┌──

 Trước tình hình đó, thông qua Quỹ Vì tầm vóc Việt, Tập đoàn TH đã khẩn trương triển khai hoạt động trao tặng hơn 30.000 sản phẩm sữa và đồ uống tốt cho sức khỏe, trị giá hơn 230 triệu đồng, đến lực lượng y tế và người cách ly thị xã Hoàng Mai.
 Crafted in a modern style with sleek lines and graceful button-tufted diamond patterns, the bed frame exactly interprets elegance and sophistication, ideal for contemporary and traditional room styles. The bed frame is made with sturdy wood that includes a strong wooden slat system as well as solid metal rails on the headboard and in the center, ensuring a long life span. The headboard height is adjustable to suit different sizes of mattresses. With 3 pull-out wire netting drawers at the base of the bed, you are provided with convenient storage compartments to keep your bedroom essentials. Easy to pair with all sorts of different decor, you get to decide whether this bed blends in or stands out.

└──
┌──

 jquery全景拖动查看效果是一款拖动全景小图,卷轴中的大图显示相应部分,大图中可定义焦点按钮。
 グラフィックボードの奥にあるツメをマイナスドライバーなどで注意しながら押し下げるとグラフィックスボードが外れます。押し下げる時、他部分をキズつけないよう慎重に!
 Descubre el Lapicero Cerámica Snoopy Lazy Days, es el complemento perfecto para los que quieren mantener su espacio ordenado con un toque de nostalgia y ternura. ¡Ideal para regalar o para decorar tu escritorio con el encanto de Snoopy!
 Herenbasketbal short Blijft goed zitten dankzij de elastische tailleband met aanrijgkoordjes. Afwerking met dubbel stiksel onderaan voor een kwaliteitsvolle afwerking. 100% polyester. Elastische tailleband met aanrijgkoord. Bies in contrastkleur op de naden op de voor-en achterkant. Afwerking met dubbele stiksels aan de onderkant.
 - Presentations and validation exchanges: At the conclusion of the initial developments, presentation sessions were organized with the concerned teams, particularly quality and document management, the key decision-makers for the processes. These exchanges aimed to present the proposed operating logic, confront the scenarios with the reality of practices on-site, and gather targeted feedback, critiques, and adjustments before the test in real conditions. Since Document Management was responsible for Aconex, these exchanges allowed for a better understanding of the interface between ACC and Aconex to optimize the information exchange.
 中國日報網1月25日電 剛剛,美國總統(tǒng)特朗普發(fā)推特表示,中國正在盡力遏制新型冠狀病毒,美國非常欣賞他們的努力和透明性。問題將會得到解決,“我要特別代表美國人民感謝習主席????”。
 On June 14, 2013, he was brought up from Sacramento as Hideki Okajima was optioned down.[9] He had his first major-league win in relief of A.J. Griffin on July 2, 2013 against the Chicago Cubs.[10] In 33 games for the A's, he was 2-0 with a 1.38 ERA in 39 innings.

└──

▶ [TASK INSTRUCTIONS]:
Start with the line above that contains "jquery全景拖动查看效果" and stop after the line that contains "On June 14, 2013, he". Output those lines exactly, and only those.

▶ [TASK RESULT]:
 jquery全景拖动查看效果是一款拖动全景小图,卷轴中的大图显示相应部分,大图中可定义焦点按钮。
 グラフィックボードの奥にあるツメをマイナスドライバーなどで注意しながら押し下げるとグラフィックスボードが外れます。押し下げる時、他部分をキズつけないよう慎重に!
 Descubre el Lapicero Cerámica Snoopy Lazy Days, es el complemento perfecto para los que quieren mantener su espacio ordenado con un toque de nostalgia y ternura. ¡Ideal para regalar o para decorar tu escritorio con el encanto de Snoopy!
 Herenbasketbal short Blijft goed zitten dankzij de elastische tailleband met aanrijgkoordjes. Afwerking met dubbel stiksel onderaan voor een kwaliteitsvolle afwerking. 100% polyester. Elastische tailleband met aanrijgkoord. Bies in contrastkleur op de naden op de voor-en achterkant. Afwerking met dubbele stiksels aan de onderkant.
 - Presentations and validation exchanges: At the conclusion of the initial developments, presentation sessions were organized with the concerned teams, particularly quality and document management, the key decision-makers for the processes. These exchanges aimed to present the proposed operating logic, confront the scenarios with the reality of practices on-site, and gather targeted feedback, critiques, and adjustments before the test in real conditions. Since Document Management was responsible for Aconex, these exchanges allowed for a better understanding of the interface between ACC and Aconex to optimize the information exchange.
 中國日報網1月25日電 剛剛,美國總統(tǒng)特朗普發(fā)推特表示,中國正在盡力遏制新型冠狀病毒,美國非常欣賞他們的努力和透明性。問題將會得到解決,“我要特別代表美國人民感謝習主席????”。
 On June 14, 2013, he was brought up from Sacramento as Hideki Okajima was optioned down.[9] He had his first major-league win in relief of A.J. Griffin on July 2, 2013 against the Chicago Cubs.[10] In 33 games for the A's, he was 2-0 with a 1.38 ERA in 39 innings.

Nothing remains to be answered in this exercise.